What will they find? One way to understand what is being offered is to think in terms of three “mores:” more expensive, more subsidized and more comprehensive.

Some of the state-level exchange websites are working well enough to enable illuminating window shopping.

Take my native state, Connecticut. There, the “more expensive” part of the new regime is readily apparent. If you look at Connecticut insurance prices for 2013—that is, pre-Obamacare—on the online clearinghouse eHealthInsurance, monthly premiums for a 30-year-old in good health can start below $100, and under $300 for a healthy 60-year-old.

On the state’s new Obamacare-compliant health care exchange, by contrast, the lowest priced (“bronze”) plan for a 30-year-old Connecticut resident has premiums starting at $224 a month; for a 60-year-old, the cheapest plan starts at $537.

However, there are subsidies. If our hypothetical 30-year-old makes $30,000 a year, he or she would be eligible for credits that lower the actual cost of the cheapest plan to $115 a month. A hypothetical 60-year-old making $30,000 would see the cost of the cheapest bronze plan fall to zero.

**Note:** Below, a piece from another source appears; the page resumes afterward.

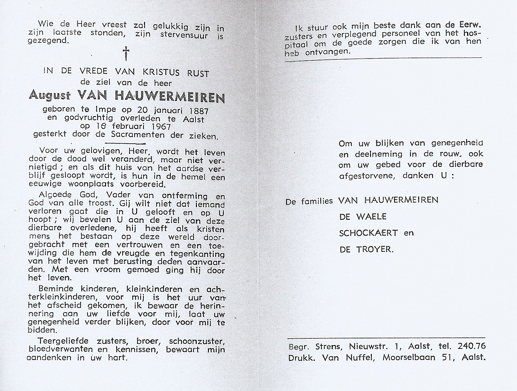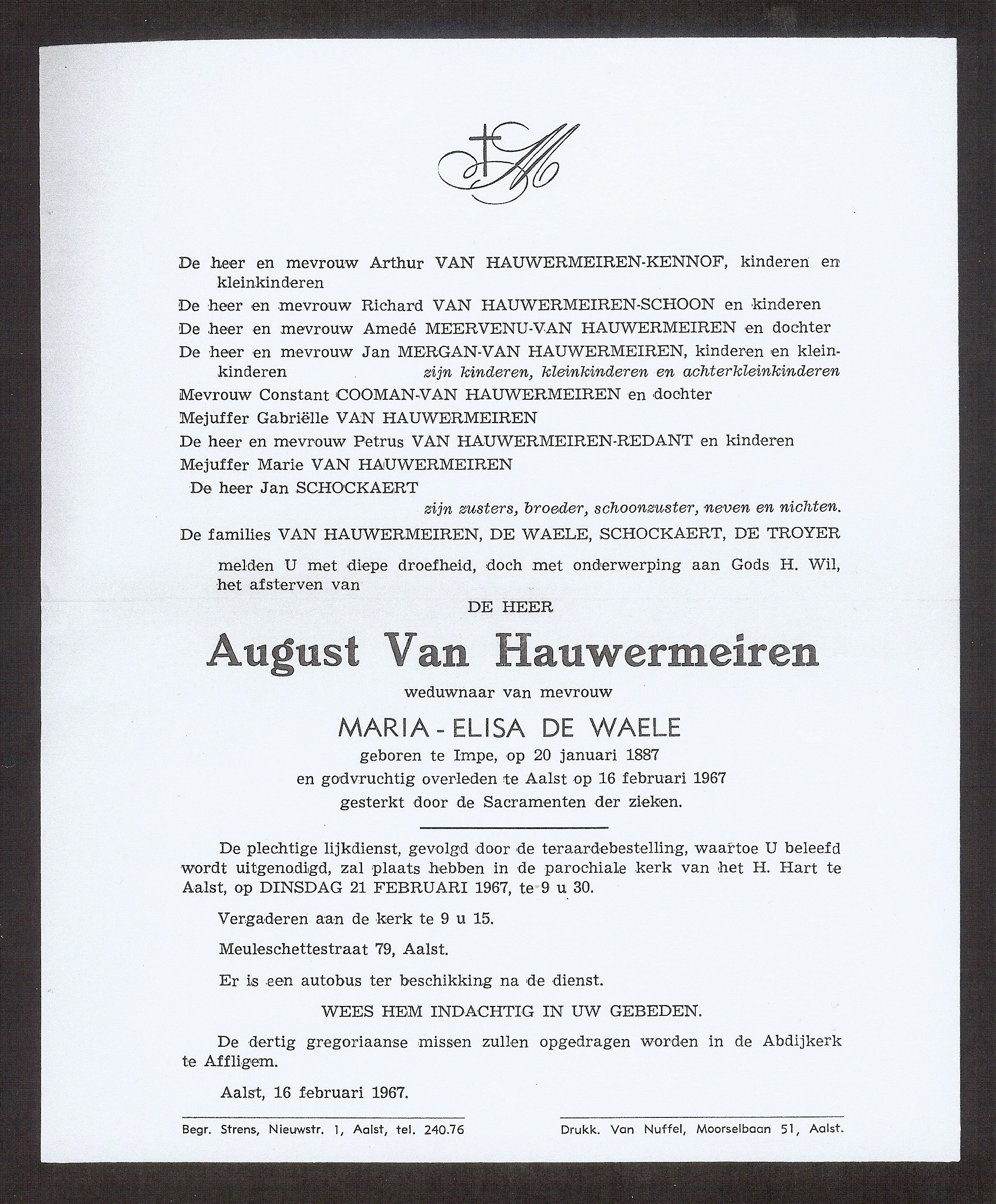 Begrafenis van grootvader van vaders kant | August Van Hauwermeiren 21 februari 1967 (Leeftijd 23 jaar) |
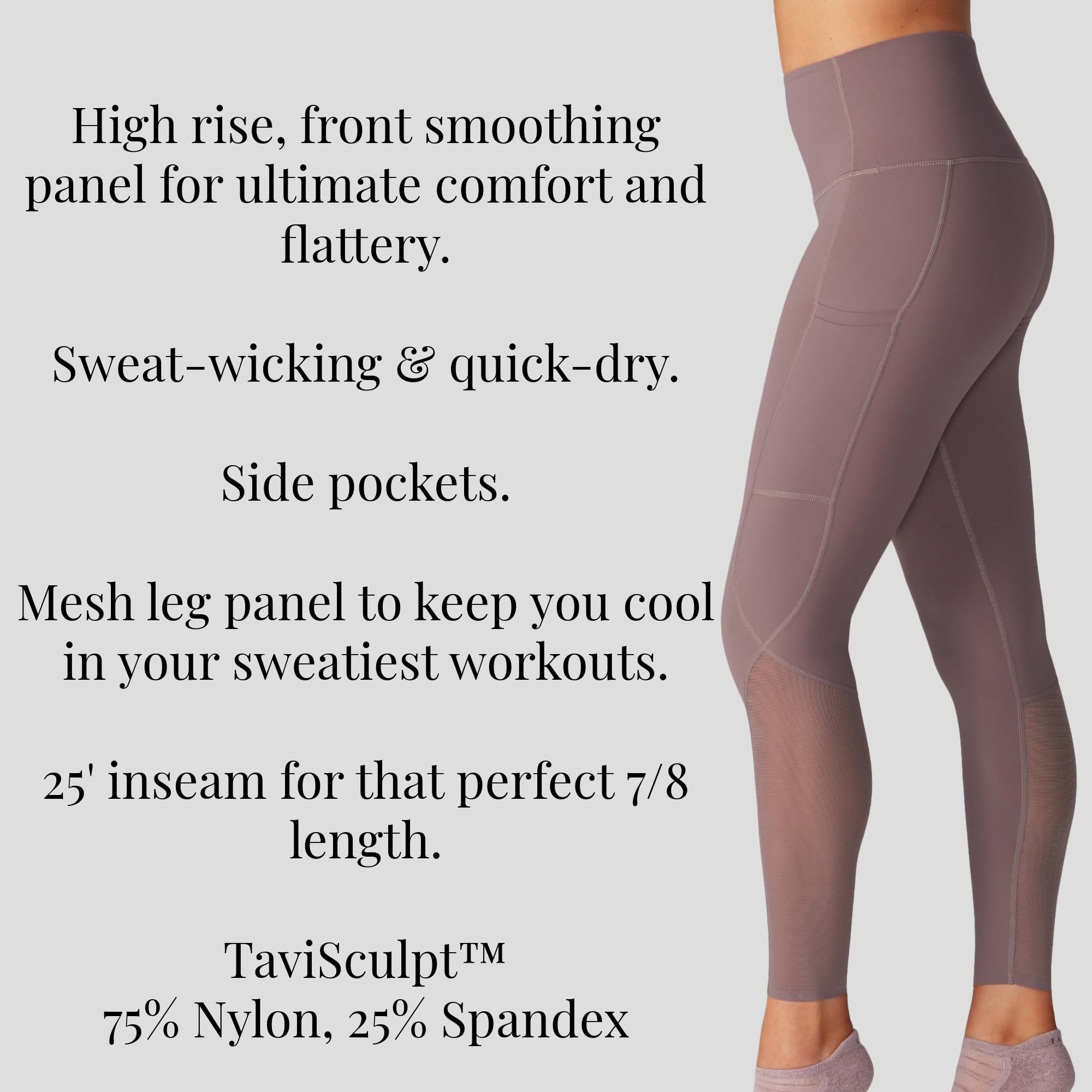 - COMFORTABLE MATERIAL FOR IDEAL FIT: The high-end material is made with 75% nylon and 25% spandex and has an inseam of 25-inches. These perfect 7/8 workout leggings were designed to fit, flatter, and flow.

Overall, the premium increases only really bite as subsidies phase out—at incomes above $45,000, or about $62,000 for a family of four.

They bite, in part, because insurance companies now have to take customers with pre-existing conditions, which drives everyone’s rates up. But they also bite because buyers are getting more insurance than the older system’s cheapest plans offered.

If we ever get beyond the follies of HealthCare.gov, the politics of the rollout will probably be defined by how (and how vocally) middle-class Americans just above the subsidy threshold react to this “pay more, get more, subsidize other people” deal.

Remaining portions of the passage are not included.